The most important are:  Eastern European democracies are dominated by oligarchs. And oligarchs make difficult partners. They are corrupted and their perception of law is very specific. The cure? Brussels have to help such countries to strengthen their civil society. So that the civil society applied pressure upon ruling parties to do better. The second most important lesson is: Eastern Europe is a tough neighbourhood. And it’s mainly because of a strong pro-Russian vectors. The cure? To be more active in addressing pro-Russian propaganda about what the Eurasian Economic Union offers versus what the EU offers.



Hungarian pensioners will get more money in 2016. Zoltán Balog, the Minister of Human Capacities, announced 1.6 per cent rise.
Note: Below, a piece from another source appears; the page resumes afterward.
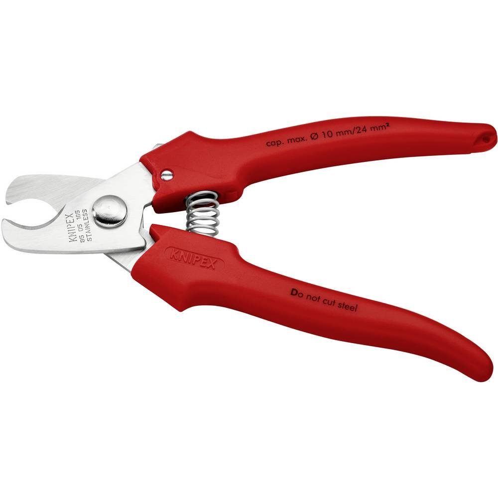 Eigenschaften | Geeignet für (Abisoliertechnik): Alu- und Kupferkabel, ein- und mehrdrähtig · Gewicht: 111 g · Material: Chirurgenstahl · Material-Eigenschaft: gehärtet, poliert · Produktabmessung, Длина: 165 mm · Schneidwert-Durchmesser (max.): 10 mm · Schneidwert-Querschnitt (max.): 24 mm² · Schneidwert-Querschnitt AWG (max.): 3 |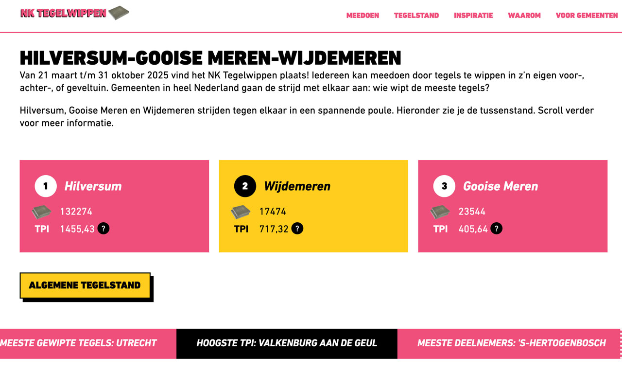 Hilversum behoort tot de koplopers van tegelwippend Nederland. Er deden dit jaar nl. 203 gemeenten mee aan het NK Tegelwippen. Alles bij elkaar opgeteld vervingen al die gemeenten dit jaar maar liefst 5,9 miljoen tegels door groen. Alle cijfers en een mooie nabeschouwing kun je vinden op www.nk-tegelwippen.nl .

The raise applies to all types of pensions, Minister said to There is about 2.6m pensioners in Hungary. The pension amount is calculated as a percentage of the average income as basis for pension contribution, according to a scale determined by the length of service. The minimal pension in Hungary is now about HUF28500 per month (about EUR92) which is approx. 12 per cent of average earnings. After the transformation in 2011-2012, Hungary has now a one-pillar statutory pension system is at work – the state statutory pension. The retirement age for both sexes is: 62 (for those who were born in 1951 or earlier) and 65 (for those who were born in 1952 or later). Minister Balog said “that in real value terms, pensions saw an 8.8 per cent rise in the period of 2011-2015, while they grew by 21.6 per cent in nominal value”.


What’s up in indexes?

The most spectacular growth was that of UX (Kyiv) – the index increased by 2.49 per cent after it grew by 2.18 per cent Thursday. The biggest fall was that of SAX (Bratislava) – 1.62 per cent.
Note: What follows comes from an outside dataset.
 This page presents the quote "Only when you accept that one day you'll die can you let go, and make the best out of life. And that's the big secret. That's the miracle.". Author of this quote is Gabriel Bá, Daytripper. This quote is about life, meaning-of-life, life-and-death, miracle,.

BUX (of Budapest) lost 0.24 per cent on Friday, November 20th. It decreased to 23125.79 index points (from 23070.83 index points Thursday). From year-end it’s up 39.03 per cent.

BET (of Bucharest) closed at 7230.76 index points being up 0.35 per cent. The previous close was 7205.65 index points. From year-end it’s up 2.09 per cent.
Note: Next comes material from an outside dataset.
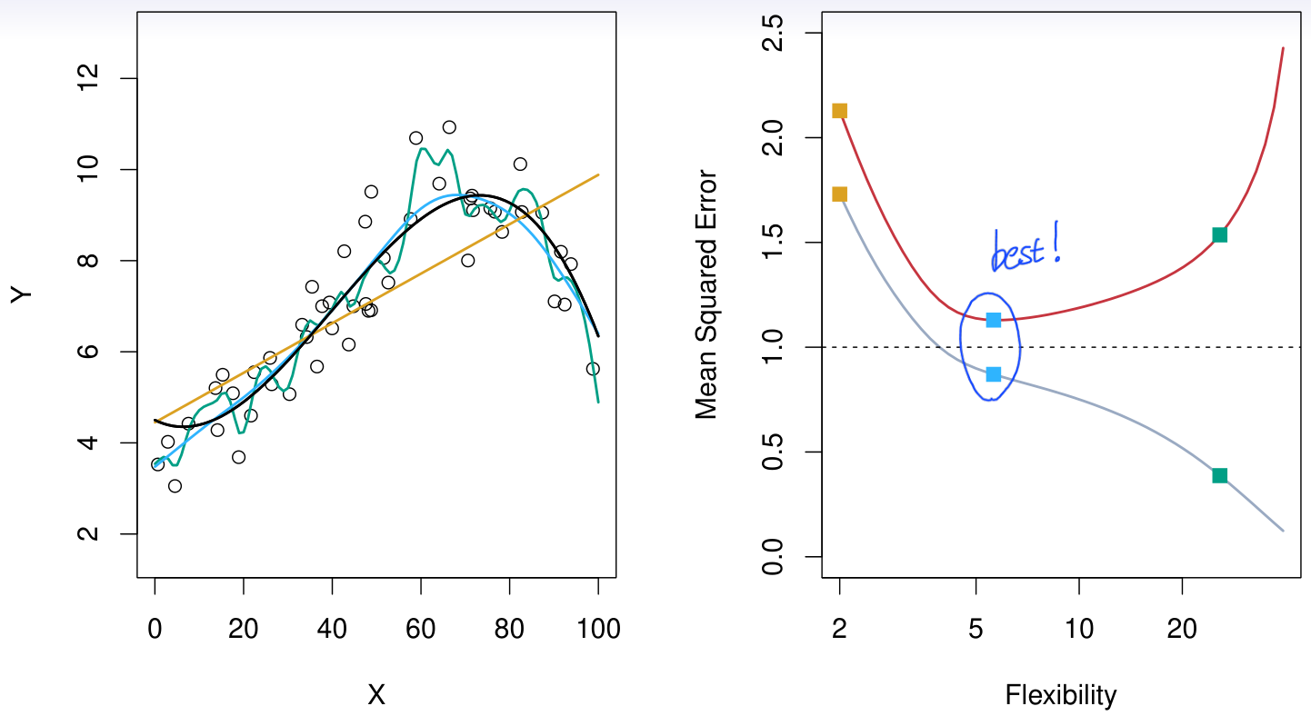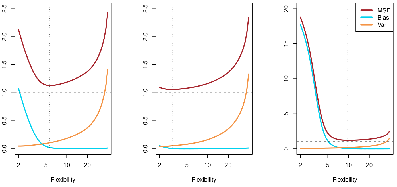 일반적으로, f의 flexibility가 올라가면, variance는 증가하고 bias는 감소하게 된다. 이러한 관계를 bias-variance trade-off 라고 말한다.

PX (of Prague) grew by 0.17 per cent increasing from 992.18 index points (Thursday) to 993.86 index points (Friday). From year-end it’s up 4.98 per cent.

WIG20 (of Warsaw) gained 0.61 per cent – climbing from 2009.73 index points (Thursday) to 2021.99 index points (Friday). From year-end it lost 12.69 per cent.

OMXT (of Tallinn) grew by 0.32 per cent. On Friday it closed at 881.56 index points. On Thursday – at 878.71 index points. From year-end it’s up 16.76 per cent.

OMXR (of Riga) increased from 599.60 index points (Thursday) to 601.33 index points (Friday), being up 0.29 per cent d/d and 47.37 per cent from year-end.

OMXV (of Vilnius) was up 0.26 per cent, climbing from 484.30 index points Thursday to 485.54 index points Friday. From year-end it’s up 7.32 per cent.

SAX (of Bratislava) is drops again. This time by 1.62 per cent (after Thursday’s 0.06 per cent). It fell from 301.57 index points Thursday to 296.67 index points Friday. But from year-end it’s up 33.44 per cent.

SOFIX (of Sofia) lost 0.57 per cent on Friday – decreasing to 440.04 index points (from 442.55 index points). From year-end it lost 15.72 per cent.

UX (of Kyiv) grew by 2.49 per cent (after gaining 2.18 per cent on Thursday). It increased from 685.31 index points Thursday to 702.35 index points Friday. From year-end it lost 32.03 per cent.

CROBEX (of Zagreb Stock Exchange) lost 0.08 per cent on Friday, November 20th, ending at 1693.68 index points compared with Thursday’s 1695.03 index points. From year-end it dropped by 2.97 per cent.